President Biden “also supports better privacy protections and a robust antitrust program,” she continued, adding that “his view is that there’s more that needs to be done to ensure that this type of misinformation; disinformation; damaging, sometimes life-threatening information is not going out to the American public.”
Mark Zuckerberg, CEO of Meta, the parent company of Facebook, has in the past described a forced breakup of the company as an “existential threat.”
John Sauer, an attorney arguing for Louisiana (which is a party to the lawsuit), compared Biden administration officials’ public statements and private communications seeking content changes to a government call for burning books.
“Imagine a scenario where senior White House staffers contact book publishers (and sellers),” he said. “And say, ‘We want to have a book-burning program. We want to identify for you the books we want burned. The books that criticize the administration and its policies—and we want to be partners. And here’s 12 authors we want you to pull off the shelves and burn; these are the really bad ones.’”
Mr. Sauer was referring to the Biden administration’s demands that social media companies deplatform the so-called “disinformation dozen,” a group of doctors and other activists who shared critical information regarding COVID-19 vaccines.

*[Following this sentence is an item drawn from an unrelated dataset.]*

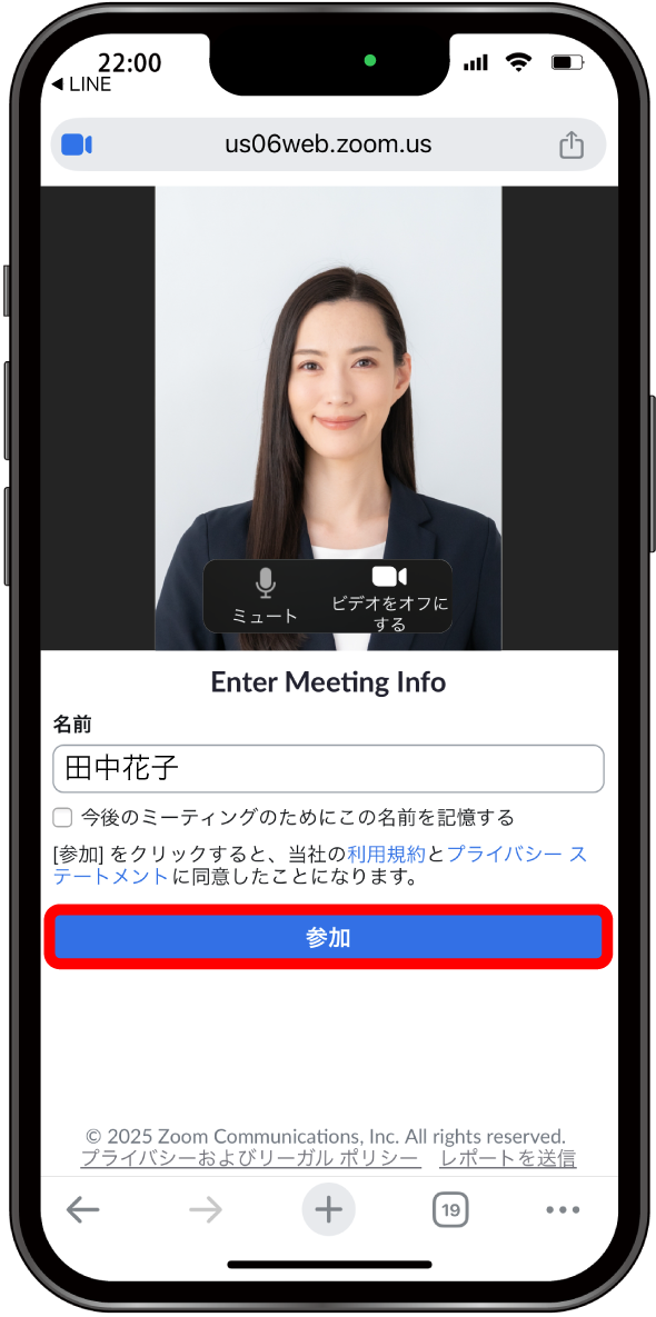 準備が出来ましたので青い「参加」ボタンをタップしてください。

Robert F. Kennedy Jr., who is seeking the Democratic nomination for presidential candidate in 2024, is on that list.
Mr. Sauer insisted that Biden administration officials sent emails with “implied threatening comments” while alleging that Ms. Psaki’s remarks at the press briefing amounted to a serious threat to dial up antitrust efforts against social media platforms.
“It’s fundamentally transformed online discourse on questions of absolutely overwhelming social and political significance,” Mr. Sauer said.

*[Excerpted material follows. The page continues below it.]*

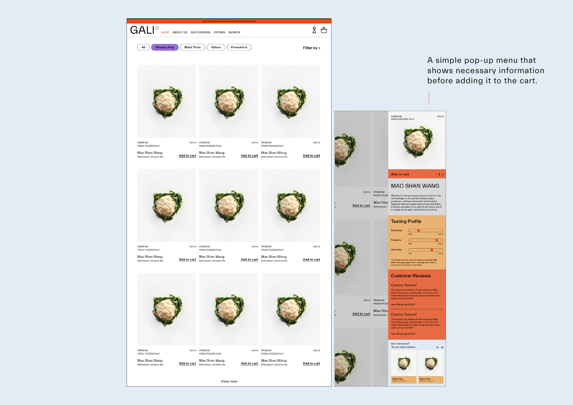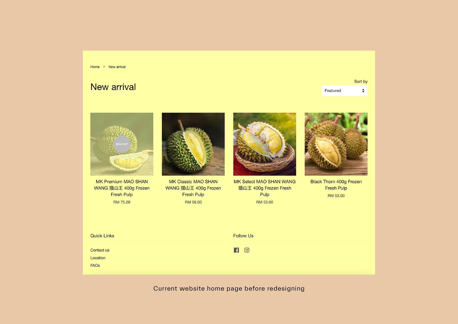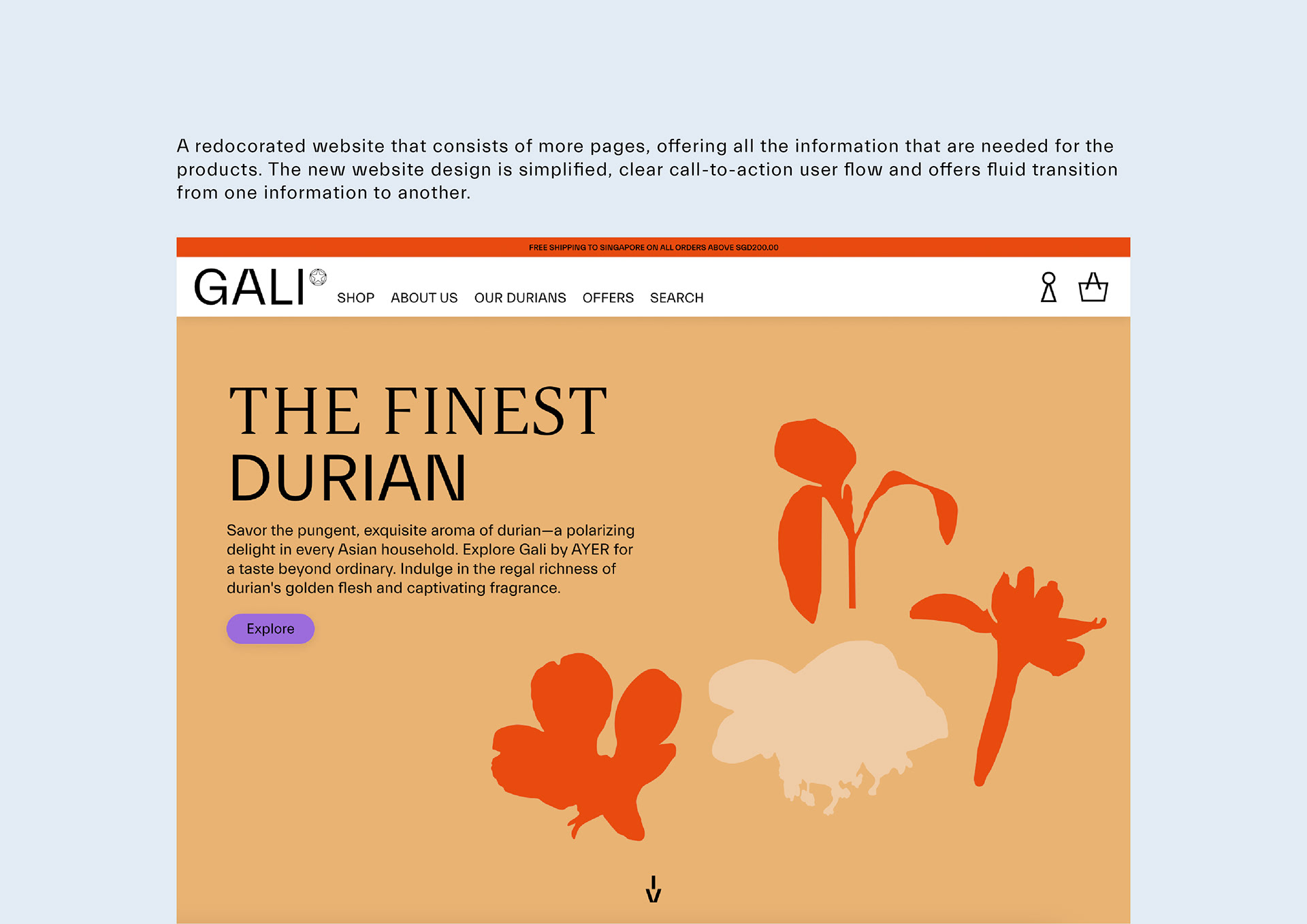 A simple web design for a durian supplier Gali Estate. The redesign focuses on simple information hierarchy, smooth call-to-action flow for all users and web layouts that are easy to interact with. Work is done under Where's Gut Design Studio.

At one point during the back-and-forth, Judge Don R. Willett asked Mr. Tenny why the government resorted to private meetings and communications with social media companies rather than simply proclaiming its position on COVID-19 or other topics publicly.
“It seems perfectly fine, in my view, for the government to call out publicly someone for posting or publishing something the government believes is false or believes is dangerous. That passes First Amendment muster with flying colors,” Judge Willet. “But here you have the government in secret, in private, out of the public eye, relying on—as Judge Elrod described—fairly unsubtle kind of strong-arming and veiled or not so veiled threats.”
“That’s a really nice social media platform you got there,” Judge Willet continued. “It'd be a shame if something happened to it.”
The Department of Justice told The Epoch Times in response to a request for comment that it would not remark on pending litigation as a matter of policy.
The judges have not given any indication of when a ruling can be expected.
“Today’s hearing was further proof that Joe Biden has zero respect for the Constitution,” Mr. Bailey wrote. “But Missouri is fighting back. He will not get away with this blatant First Amendment violation.”